澤藤統一郎の憲法日記

改憲への危機感から毎日書き続けています

いまなお、ニホン刑事司法の古層に永らえている《思想司法=モラル司法》の系譜

(2020年8月5日)
関東学院大学に、宮本弘典さんという刑事法の教授がいる。
この方が、紀要「関東学院法学」(第28巻第2号)に、「ニホン刑事司法の古層・再論 1:思想司法の系譜」という論文を掲載されている。貴重なものである。

B5で40ページ余の分量だが、これに126項目、20頁余の引用資料が充実している。ありがたいことに、その全文がネットで読める。関東学院に感謝しつつ、司法問題に関心のある方には、閲覧をお勧めしたい。

https://kguopac.kanto-gakuin.ac.jp/webopac/bdyview.do?bodyid=NI30003367&elmid=Body&fname=007.pdf

研究者の論文を読むのは骨が折れて億劫だと仰る方は、せめて下記の私の拙い要約に目を通していただきたい。

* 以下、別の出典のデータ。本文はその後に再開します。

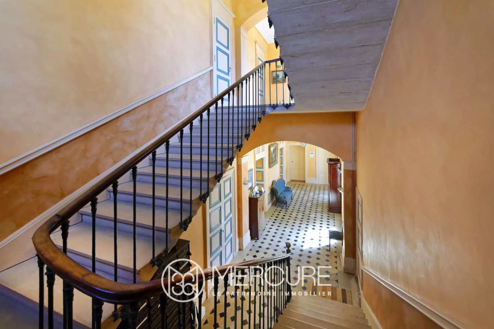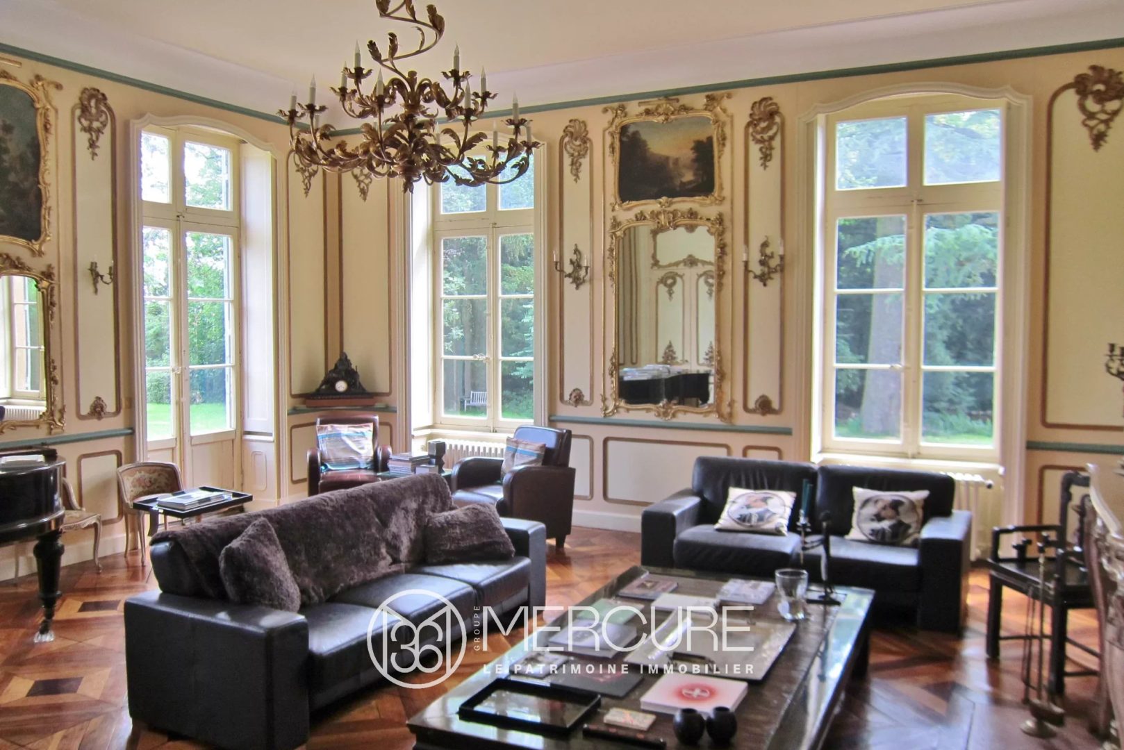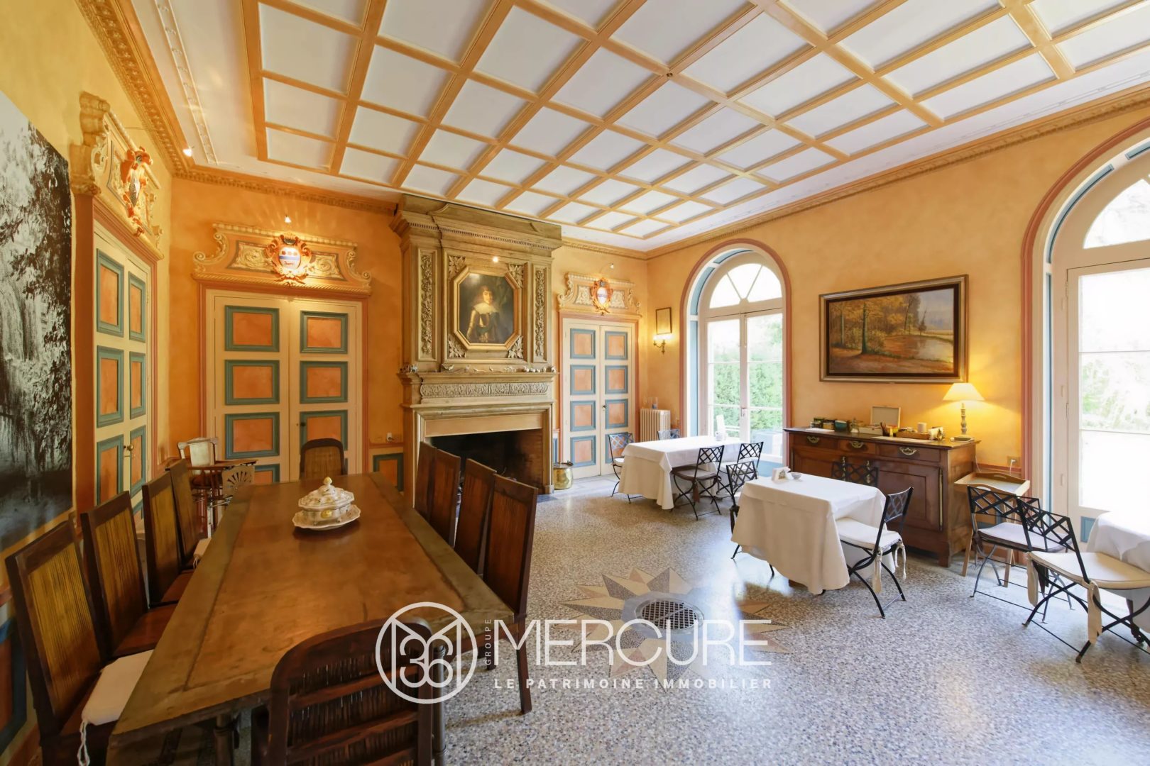 Beautiful receptions with fireplaces, wood paneling, inlaid parquet floors.
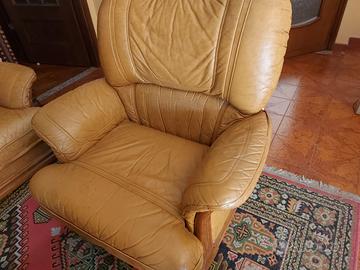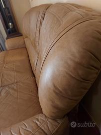 Divano 3 posti e 2 poltrone in pelle con struttura in legno. ottime condizioni (unico segno di usura nella cucitura della seduta centrale del divano,come si vede dall' ultima foto. Motivo per cui è sempre stato usato con fodere di copertura).
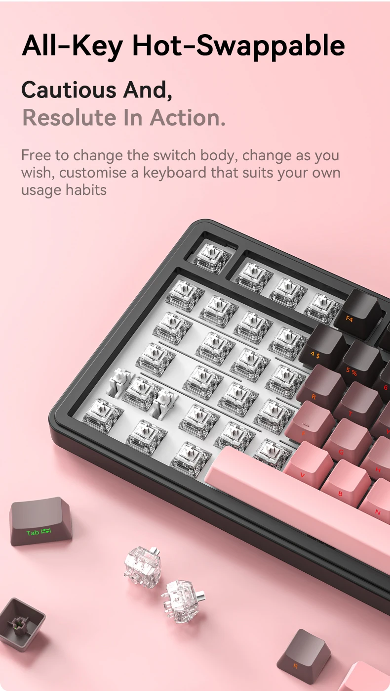 Hot-Swappable Keys: Swap mechanical switches easily.
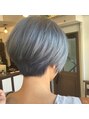 シルバーアッシュのショートボブ。
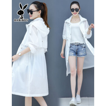 BABIBOY 防晒衣女中长款2020夏季新款女士防晒衫百搭宽松防紫外线透气薄款长款外套女 白色 M |
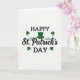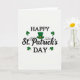 This card features a St. Patrick’s Day layout on a bright white background, with “HAPPY” at the top and “DAY” at the bottom in dark black lettering. Centered between them, “St. Patrick’s” appears in a smooth, flowing black style that feels like it’s gently wrapping the phrase in a friendly embrace. An emerald green leprechaun hat with a shiny gold buckle sits near the middle of the wording, like a cheerful little centerpiece everyone gathers around 💚. Four green shamrocks are placed around the main message, two on each side, creating a neat, balanced frame that feels like a pair of friends standing close for a photo ☘️. Small curling flourishes decorate the space around “St. Patrick’s,” adding motion and a light, airy touch without crowding the design. The contrast of black text against the white background makes the greens look richer, from the hat to the clovers. The hat’s curved brim and bright buckle stand out sharply against the surrounding black letters and the open white space.
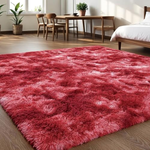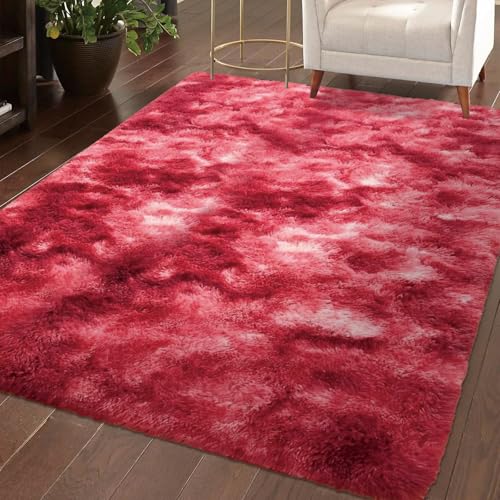 Cozy Winter Area Rug 6×9,Ultra Soft Plush Shaggy Rug Non Slip for Living Room/Bedroom,Kid/Pet Friendly,Modern Home Decor Carpet,Tie-Dye Midnight Red
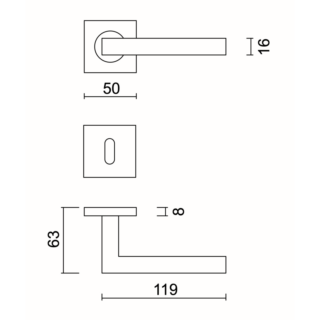 DEURKRUK PRO KUBIC SHAPE 16MM INOX PLUS R+E
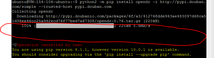 使用豆瓣的源(已经确认过了该源中有opendr包),pip安装opendr,结果卡在了下载完成的位置,什么提示也没有。(如下图)
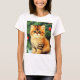 T-Shirt featuring a vintage Christmas cat! An orange kitty with black stripes sits in the snow. Behind the cat is a Christmas tree with red and yellow ornaments. Also on the snow is a red present. A perfect gift for the Christmas season and cat lovers!

宮本論文の主題は、「ニホン刑事司法の古層には、今なお、過去の《思想司法=モラル司法》が脈々と永らえている」という表題のとおりのもの。言うまでもなく過去の《思想司法》とは、「万世一系の國體護持」という「思想」(ないしは信仰)の擁護を主柱とする刑事司法である。天子様に弓を引く極悪な非国民をしょっぴいて処罰する糾問型司法制度を言う。のみならず、《思想司法》は《モラル司法》でもあったというのが、政治学者ではなく刑事法学者である論者の重要な指摘。《モラル司法》とは、皇国臣民としての道徳を規範とした刑事司法といってよいだろう。転向し反省して、皇国臣民としての規範を受容する恭順者に対しては、畏れ多くも皇恩が寛大なる処遇を賜るであろうという文字どおり、天皇の天皇による天皇のための刑事司法なのだ。そのかつての刑事司法の抜きがたい伝統は、今なお古層として現在も生き続けているというのだ。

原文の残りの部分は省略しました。